My env is quite different:

- my xymon runs in the xymon user homedir /home/xymon/server (freshly
compiled from source with configure and make)
- i have the correct xymond.chk and alert.chk in my $XYMONTMP
(/home/xymon/server/tmp), which are still present after i stopped xymon
- the settings in tasks.cfg for xymond and alert are correct (otherwise the
chk files wouldn't be updated regularly)

I have another Xymon installation (much smaller, but same design and
version), where i verified this behaviour.
So seems not related to the number of servers or the size of the chk files.

My tasks.cfg settings:

[xymond]
ENVFILE /home/xymon/server/etc/xymonserver.cfg
CMD xymond --pidfile=$XYMONSERVERLOGS/xymond.pid \
--restart=$XYMONTMP/xymond.chk \
--checkpoint-file=$XYMONTMP/xymond.chk \
--checkpoint-interval=600 \
--log=$XYMONSERVERLOGS/xymond.log \
--admin-senders=127.0.0.1,$XYMONSERVERIP \
--ack-each-color \
--ghosts=match

[alert]
ENVFILE /home/xymon/server/etc/xymonserver.cfg
NEEDS xymond
CMD xymond_channel \
--channel=page \
--log=$XYMONSERVERLOGS/alert.log xymond_alert \
--checkpoint-file=$XYMONTMP/alert.chk \
--checkpoint-interval=600

Norbert




From: ***@tdiehl.org
To: Norbert Kriegenburg <***@de.ibm.com>
Cc: ***@xymon.com
Date: 11/02/2018 02:11 PM
Subject: Re: [Xymon] acknowledgements does not survive xymon restart
Post by Norbert Kriegenburg
I have a new fairly large xymon environment (4.3.28 with >10k servers),
andErik?
Post by Norbert Kriegenburg
of course there are always a lot of alerts acknowledged.
Unfortunately all these acks are resetted if i restart the xymon daemon
(xymon.sh restart) to activate config changes f.e.
This is the same if i use the "Acknowledge alert" from the menu or the
(undocumented) "xymondack" feature of xymon.
This leads to a lot of extra effort and confusion...
Any ideas how i can save the ack situation and restore it after a restart?
You might want to have a look at these old threads.
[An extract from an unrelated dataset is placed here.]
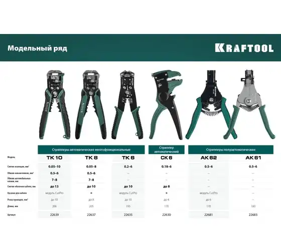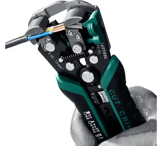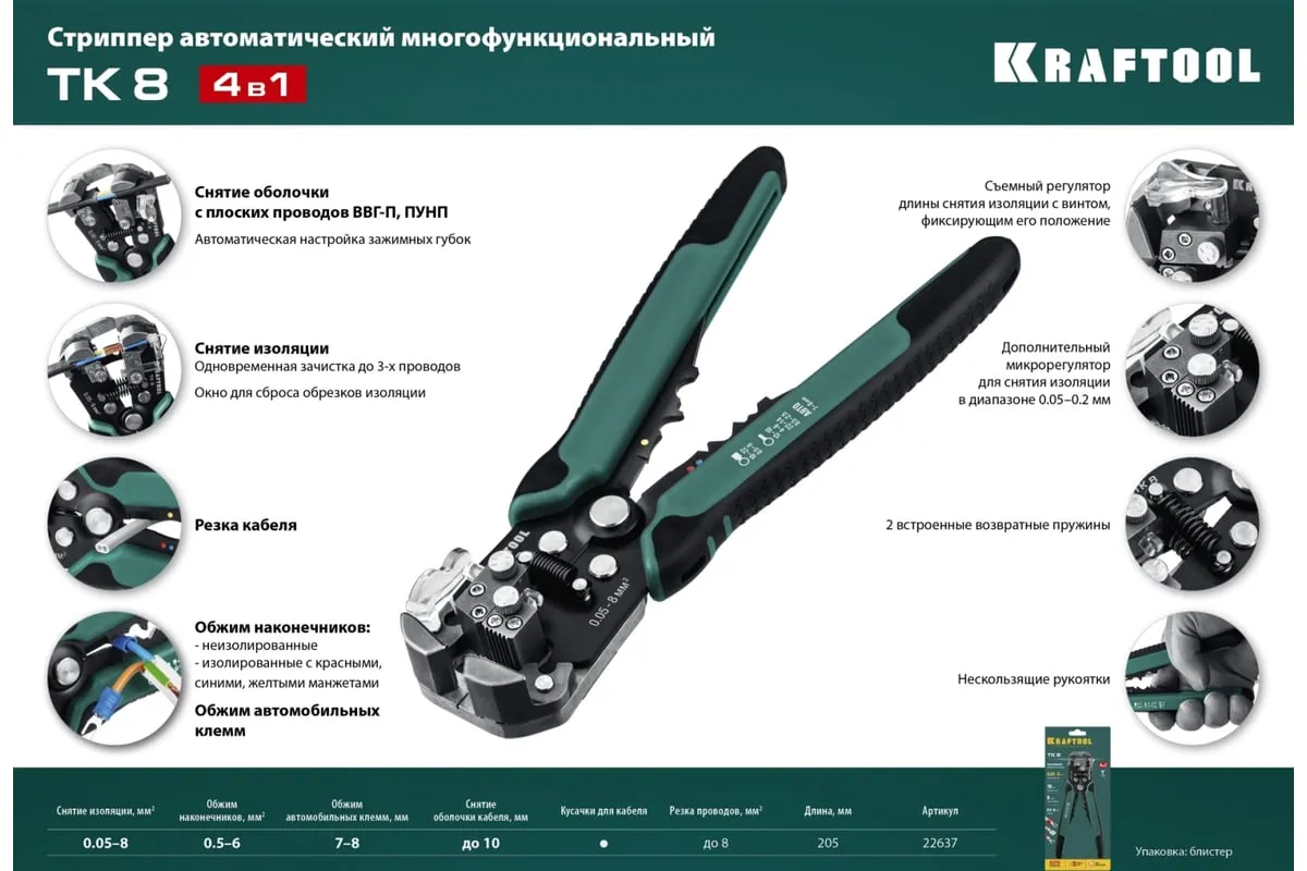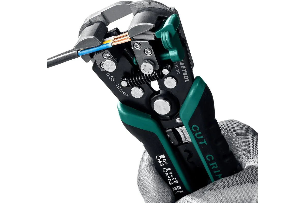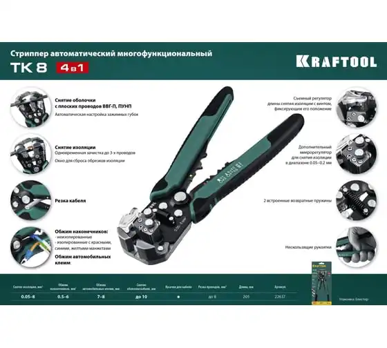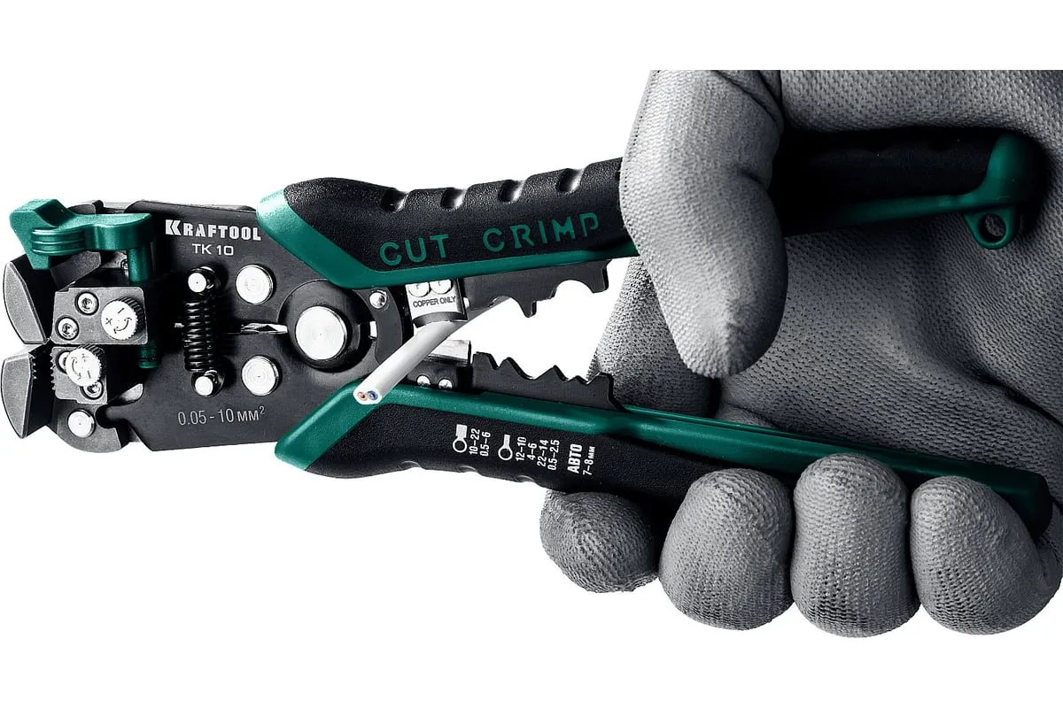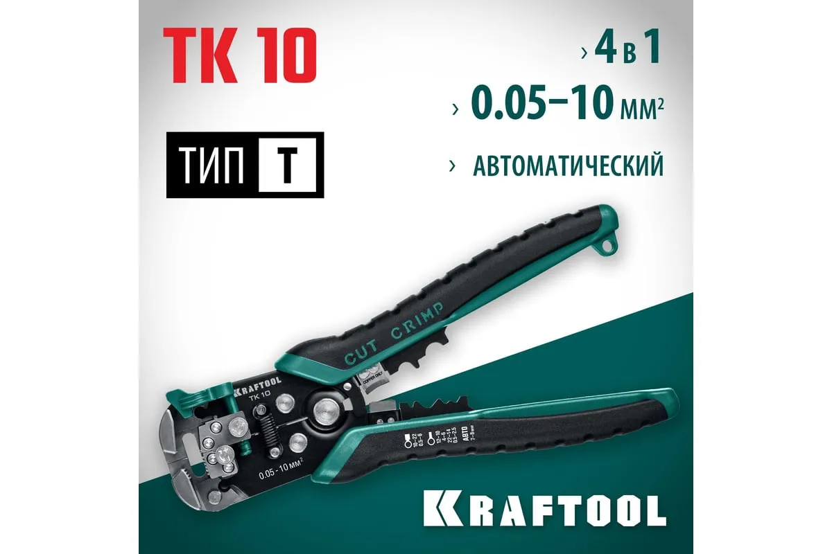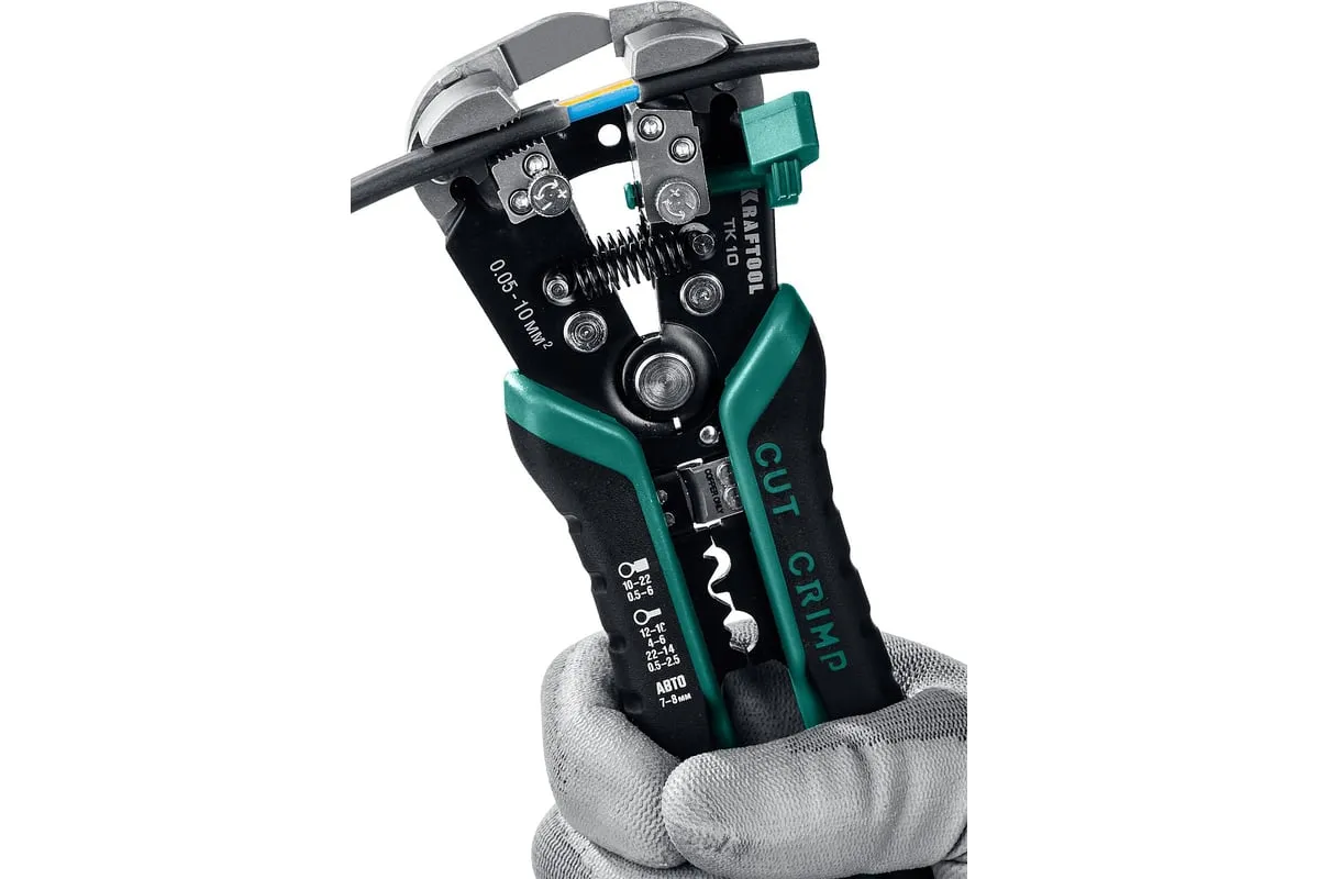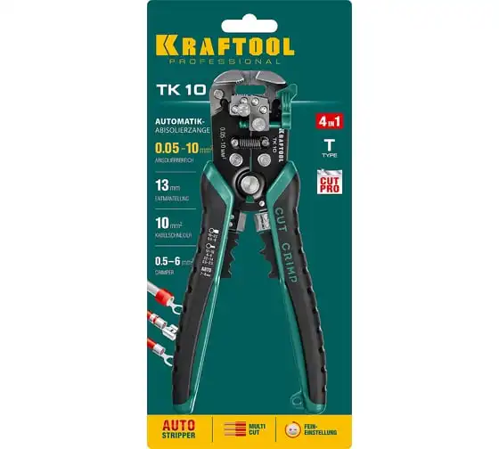 Стриппер KRAFTOOL TK-10 автоматический, многофункциональный, 0.05 - 10 мм2, 22639 предназначен для снятия изоляции без повреждения внутренних жил. Инструменты для снятия изоляции KRAFTOOL, изготовлены из высококачественной стали с закалкой рабочих поверхностей, предназначены для профессионального применения. Обладают повышенным ресурсом, обеспечивают наивысшее качество электромонтажных работ. Автоматическая настройка зажимных губок, одновременная зачистка до 3-х проводов, а также окно для сброса обрезков изоляции. Съемный регулятор длины снятия изоляции с винтом, фиксирующим его положение. Дополнительный микрорегулятор для снятия изоляции в диапазоне 0.05–0.2 мм.

I remember this problem
because it bit me back then.

http://lists.xymon.com/archive/2013-March/037082.html


http://lists.xymon.com/archive/2013-January/036721.html


HTH,

--
Tom ***@tdiehl.org
m***@tdiehl.org
2018-11-02 15:55:57 UTC
Permalink
Hi Norbert,
Post by Norbert Kriegenburg
Tom,
checked the links, and it looked like a similar problem at first sight, but
does not describe my issue.
- my xymon runs in the xymon user homedir /home/xymon/server (freshly
compiled from source with configure and make)
- i have the correct xymond.chk and alert.chk in my $XYMONTMP
(/home/xymon/server/tmp), which are still present after i stopped xymon
- the settings in tasks.cfg for xymond and alert are correct (otherwise the
chk files wouldn't be updated regularly)
If the chk files are still there after a reboot, then my idea was wrong.

In my case the chk files were getting deleted during a reboot.

Sorry, but that is the only idea I had.